**Task requirements:**
Nothing but an exact copy is asked for: the lines in the material below from the one with "Рис. 6. Зависимости" through the one with "Gonna lunga viola", pictures excluded.

**Material for this exercise:**

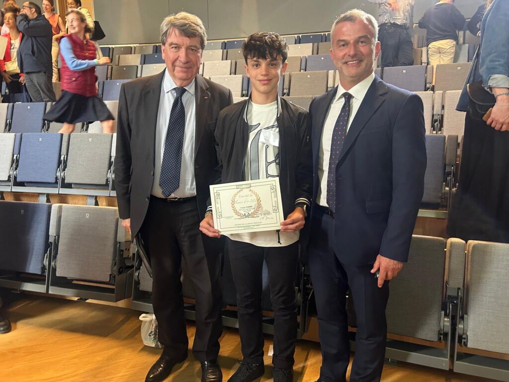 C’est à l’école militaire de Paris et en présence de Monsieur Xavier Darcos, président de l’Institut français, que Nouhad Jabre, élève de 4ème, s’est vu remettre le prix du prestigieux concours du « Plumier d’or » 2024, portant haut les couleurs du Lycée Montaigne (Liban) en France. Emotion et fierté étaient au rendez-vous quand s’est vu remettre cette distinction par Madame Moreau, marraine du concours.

* * *

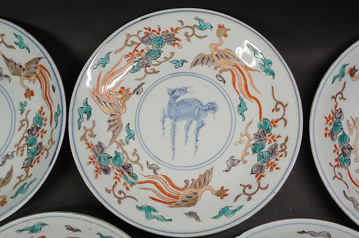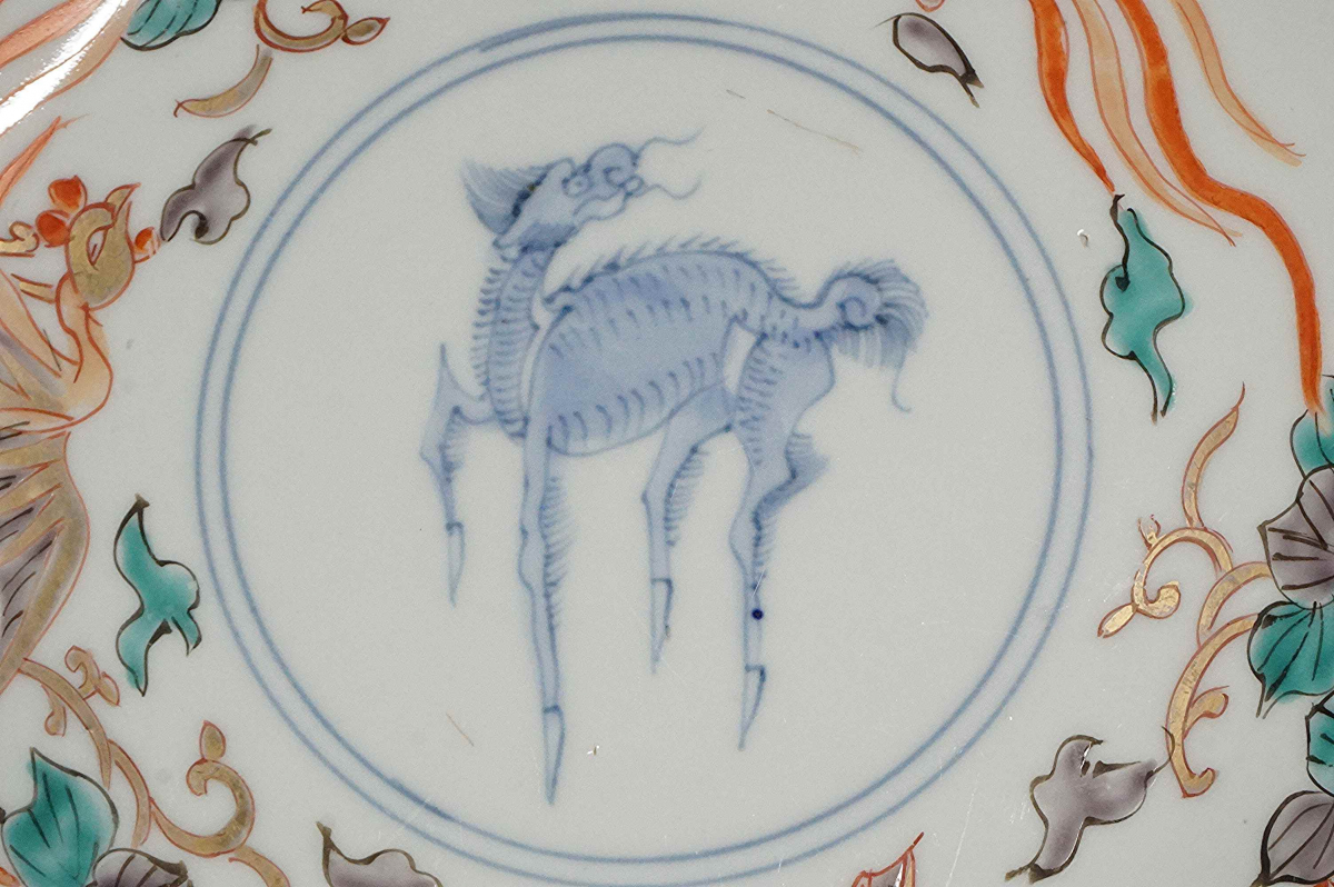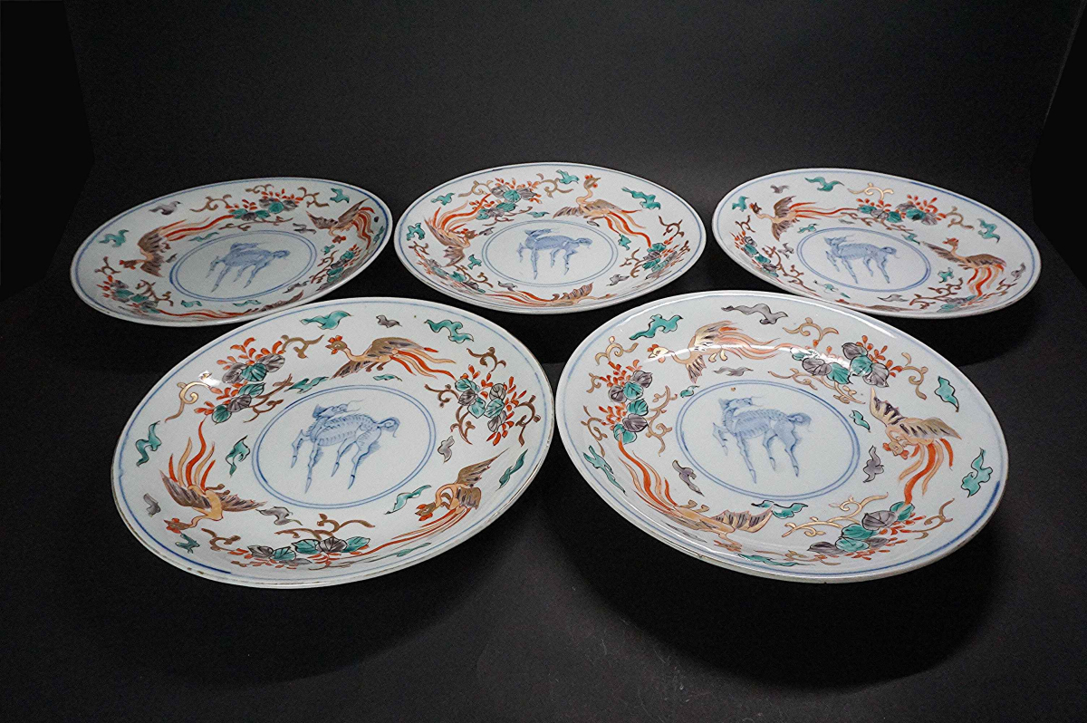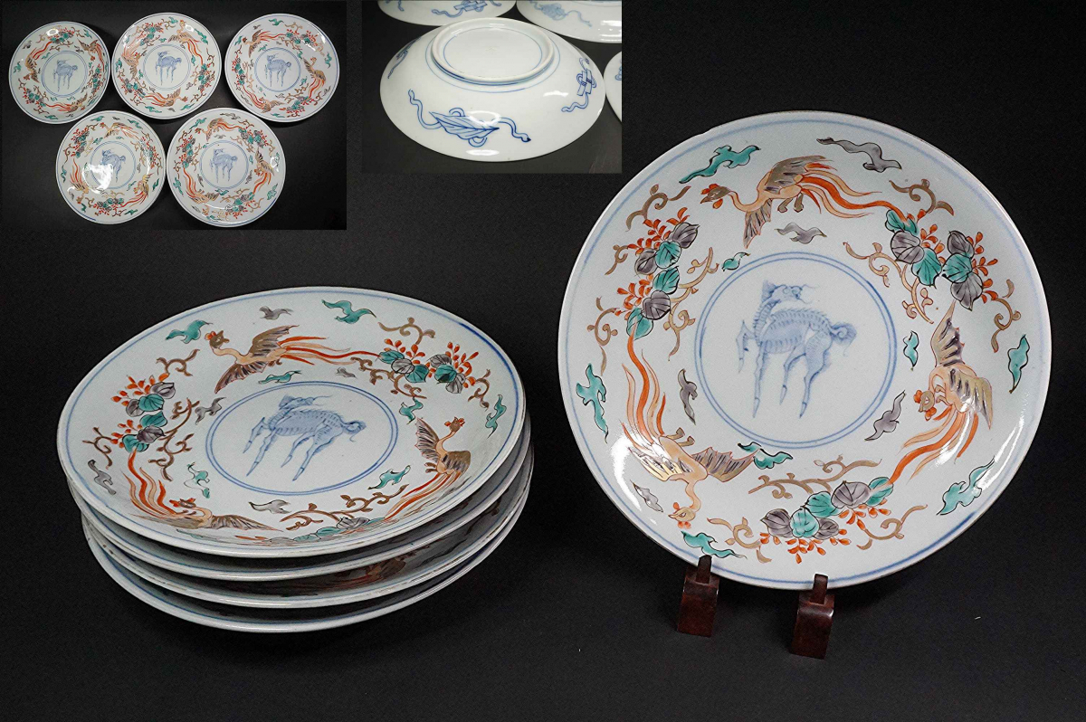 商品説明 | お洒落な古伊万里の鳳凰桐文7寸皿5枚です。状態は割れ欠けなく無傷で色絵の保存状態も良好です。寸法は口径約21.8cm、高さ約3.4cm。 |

---

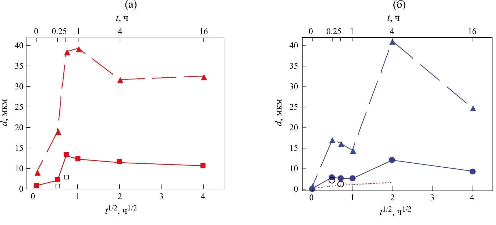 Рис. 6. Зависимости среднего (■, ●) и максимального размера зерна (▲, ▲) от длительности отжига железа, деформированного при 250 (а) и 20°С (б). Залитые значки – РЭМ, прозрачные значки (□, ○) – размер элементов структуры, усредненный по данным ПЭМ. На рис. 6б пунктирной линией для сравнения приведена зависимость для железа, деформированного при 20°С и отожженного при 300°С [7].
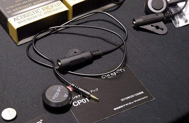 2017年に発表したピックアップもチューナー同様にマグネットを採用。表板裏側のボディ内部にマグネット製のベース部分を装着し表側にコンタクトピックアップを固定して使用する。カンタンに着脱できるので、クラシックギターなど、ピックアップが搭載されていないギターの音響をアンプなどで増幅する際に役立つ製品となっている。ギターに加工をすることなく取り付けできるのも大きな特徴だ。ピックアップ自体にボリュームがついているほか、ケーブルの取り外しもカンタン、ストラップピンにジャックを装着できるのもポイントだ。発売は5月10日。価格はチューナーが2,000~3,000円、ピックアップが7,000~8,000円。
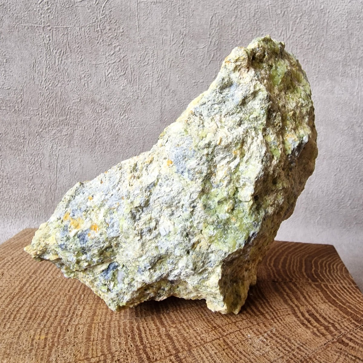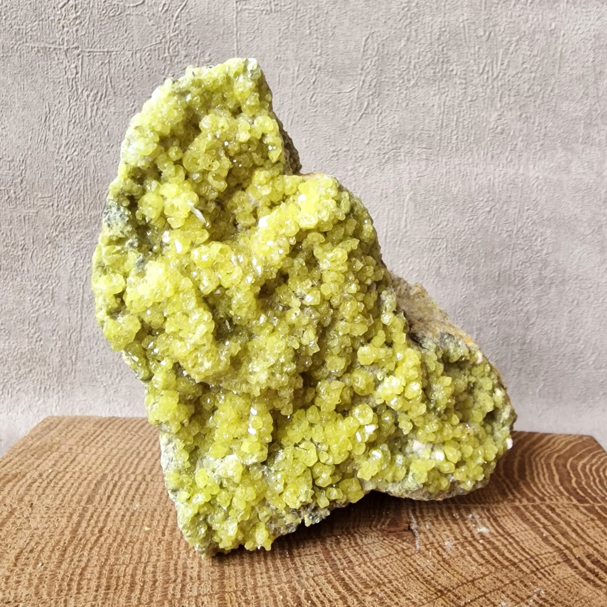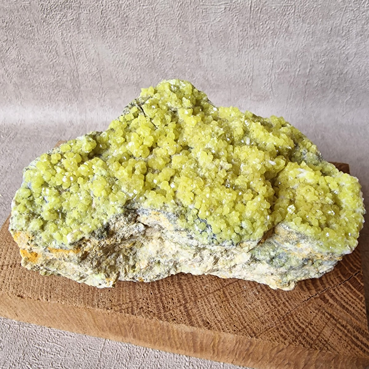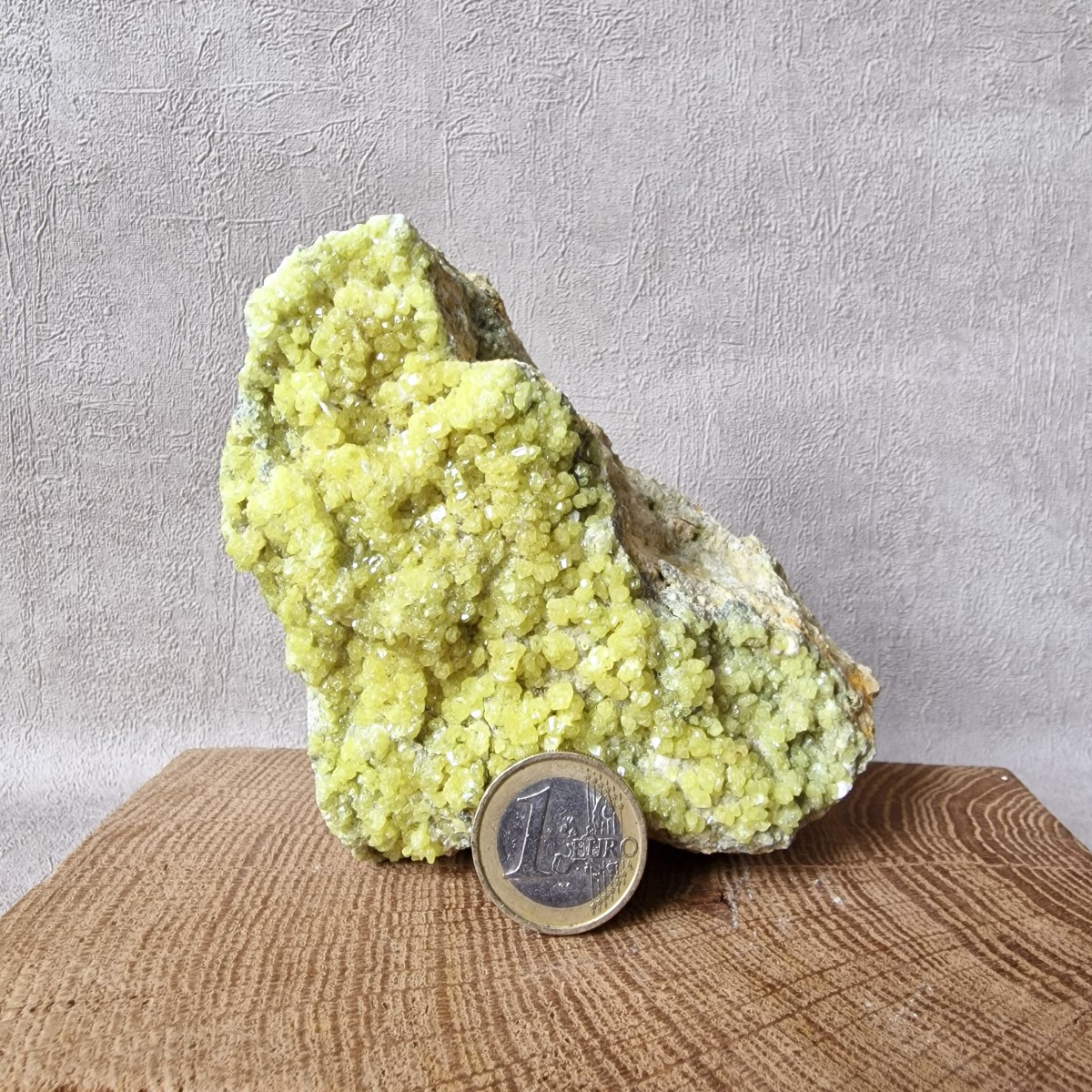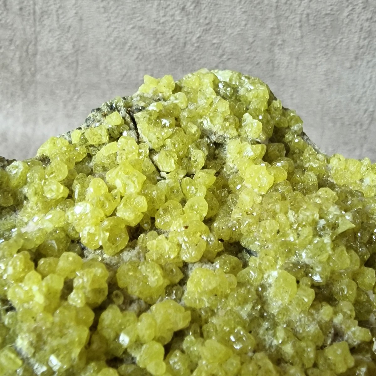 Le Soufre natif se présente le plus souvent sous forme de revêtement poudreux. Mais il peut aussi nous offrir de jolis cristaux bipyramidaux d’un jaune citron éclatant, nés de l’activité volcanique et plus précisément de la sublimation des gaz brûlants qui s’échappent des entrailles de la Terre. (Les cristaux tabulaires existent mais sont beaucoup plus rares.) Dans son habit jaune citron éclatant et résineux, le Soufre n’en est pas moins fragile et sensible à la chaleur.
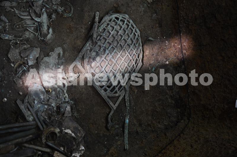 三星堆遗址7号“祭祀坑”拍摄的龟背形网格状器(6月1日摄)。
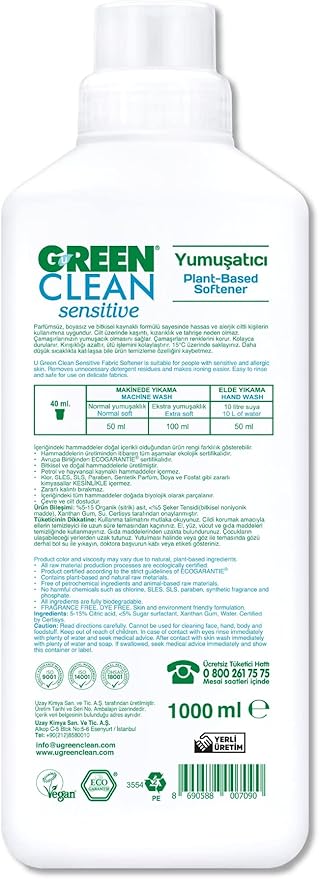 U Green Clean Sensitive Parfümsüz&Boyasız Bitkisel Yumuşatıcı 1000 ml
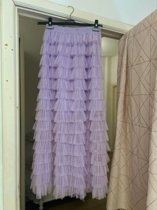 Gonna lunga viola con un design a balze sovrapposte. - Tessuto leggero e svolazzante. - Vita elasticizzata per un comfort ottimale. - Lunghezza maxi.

**Answer below:**
 Рис. 6. Зависимости среднего (■, ●) и максимального размера зерна (▲, ▲) от длительности отжига железа, деформированного при 250 (а) и 20°С (б). Залитые значки – РЭМ, прозрачные значки (□, ○) – размер элементов структуры, усредненный по данным ПЭМ. На рис. 6б пунктирной линией для сравнения приведена зависимость для железа, деформированного при 20°С и отожженного при 300°С [7].
 2017年に発表したピックアップもチューナー同様にマグネットを採用。表板裏側のボディ内部にマグネット製のベース部分を装着し表側にコンタクトピックアップを固定して使用する。カンタンに着脱できるので、クラシックギターなど、ピックアップが搭載されていないギターの音響をアンプなどで増幅する際に役立つ製品となっている。ギターに加工をすることなく取り付けできるのも大きな特徴だ。ピックアップ自体にボリュームがついているほか、ケーブルの取り外しもカンタン、ストラップピンにジャックを装着できるのもポイントだ。発売は5月10日。価格はチューナーが2,000~3,000円、ピックアップが7,000~8,000円。
 Le Soufre natif se présente le plus souvent sous forme de revêtement poudreux. Mais il peut aussi nous offrir de jolis cristaux bipyramidaux d’un jaune citron éclatant, nés de l’activité volcanique et plus précisément de la sublimation des gaz brûlants qui s’échappent des entrailles de la Terre. (Les cristaux tabulaires existent mais sont beaucoup plus rares.) Dans son habit jaune citron éclatant et résineux, le Soufre n’en est pas moins fragile et sensible à la chaleur.
 三星堆遗址7号“祭祀坑”拍摄的龟背形网格状器(6月1日摄)。
 U Green Clean Sensitive Parfümsüz&Boyasız Bitkisel Yumuşatıcı 1000 ml
 Gonna lunga viola con un design a balze sovrapposte. - Tessuto leggero e svolazzante. - Vita elasticizzata per un comfort ottimale. - Lunghezza maxi.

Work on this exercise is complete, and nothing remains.